Philips lighting production line

Additive manufacturing (AM), or 3D printing, is not a new concept for the manufacturing sector – it’s already in use by a diverse range of industries for an array of end-use parts. What is new is recognition of the transition AM has made from niche technology to practical production tool. Once limited to the role of rapid prototype design, AM has permeated the broader production process to deliver a range of efficiency and efficacy benefits to help manufacturing enterprises of all sizes.

According to a 2016 report by PwC on key industrial manufacturing trends - which identifies 3D printing as one of the solutions likely to have the greatest impact on factory environments - it is a development manufacturers are wise to embrace. By taking advantage of the current "technical renaissance", enterprises can "improve productivity in their own plants, compete against rivals, and maintain an edge with customers who are seeking their own gains from innovation."

Here, we take a look at how these benefits apply to the heart of manufacturing - production lines – by identifying five common challenges that AM can help solve.  

1. A component in our production line is regularly failing

Wear caused by constant throughput, temperature-induced stress, weak weld-points and multi-component mechanisms are all factors that can result in parts being compromised or failing completely. This can include mission-critical production line parts, like grippers, suction pads or jigs, which can often lead to product quality issues (see section 2). The resulting unscheduled downtime while a repair is arranged and carried out can be both costly and frustrating.

3D printing a part to a different design specification could significantly reduce failure rates. The redesign could decrease the number of individual components required, strengthen structures prone to breakage, or change surface topography. AM offers the greatest benefit when it is applied in a ‘value added’ redesign context such as this.

Additionally, 3D printing key production line parts also mitigates against supply chain risk such as low availability from original equipment manufacturers (OEMs), and significantly reduces turnaround times for maintenance, repair or operations (MRO) parts. This also avoids having to bulk order replacements which can be costly to store. Instead, a lower volume/greater variety of AM parts can be printed and kept on site.

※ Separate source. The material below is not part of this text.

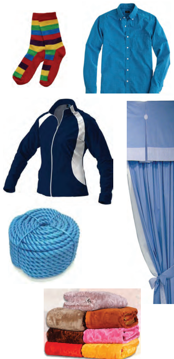
6.4 : Uses of artificial threads

These threads were invented at the same time in New York and London. Therefore the initials NY of New York and LON from London were combined to name them NYLON. Nylon threads have a shine and are strong, transparent and water resistant. They are used to manufacture clothes, fishing nets, ropes, etc.

2. Products we are manufacturing have a high scrap rate

Eliminating defective products completely, or ensuring scrap rates fall within strict Acceptance Quality Limits (AQL), is a universal ambition for manufacturers. Process defects such as product issues/failures occurring during standard production conditions - represent a quality, reputational and cost loss, and threaten lean manufacturing principles.

While human error on the production line can be a contributing factor, product quality issues are more commonly linked to incorrect equipment settings, tooling malfunctions, and poor assembly component performance. These are root causes 3D printing is ideally positioned to address. 3D printing can improve product handling capabilities at key stages in the production process and/or enhance component consistency through re-design.

Where a component is consistently failing or underperforming redesign to take advantage of 3D printing benefits may be the solution. For example, a common issue with traditional suction grippers is that internal assembly points are prone to air leakage – over time this can result in product slippage which can, in turn, lead to quality issues and higher scrap rates. 3D printing offers the ability to create complex channels as single structures. Thus removing the need for multiple assembly points and reducing the risk of performance issues that may ultimately result in defects.

3. We’re introducing a new product to the line

One of the biggest benefits of 3D printing, compared to traditional "subtractive" manufacturing processes, is that it opens up the possibility of developing production line parts that were previously impractical or simply impossible to produce – either in terms of their geometry or material composition.

This can help solve a significant headache in developing lines to accommodate new, challenging products or components. Using 3D printing, customised tooling - typically time-consuming and problematic to introduce - can be developed, tested and implemented in a much-reduced time frame. It is worth remembering AM’s rapid prototyping routes here.

This key benefit can also mean, in many cases, that new lines or line sections are not needed at all. Take finger grippers as an example – a part which often needs to be replaced to accommodate changes in product shape and size. 3D printing these out of an alternative, more flexible material and with flexibility built into the design, can improve product acceptance capabilities without compromising accuracy or gripper performance. As well as minimizing back-end production outlay, this also means that manufacturers can be more responsive to evolving customer demands.

4. We have to ensure our production line mitigates health and safety risks

Around 1 in 6 UK manufacturers have reported injuries to employees since 2012. In fact, in 2015-16 around 0.3 million days were lost to the problem. It’s a national statistic reflective of a global issue.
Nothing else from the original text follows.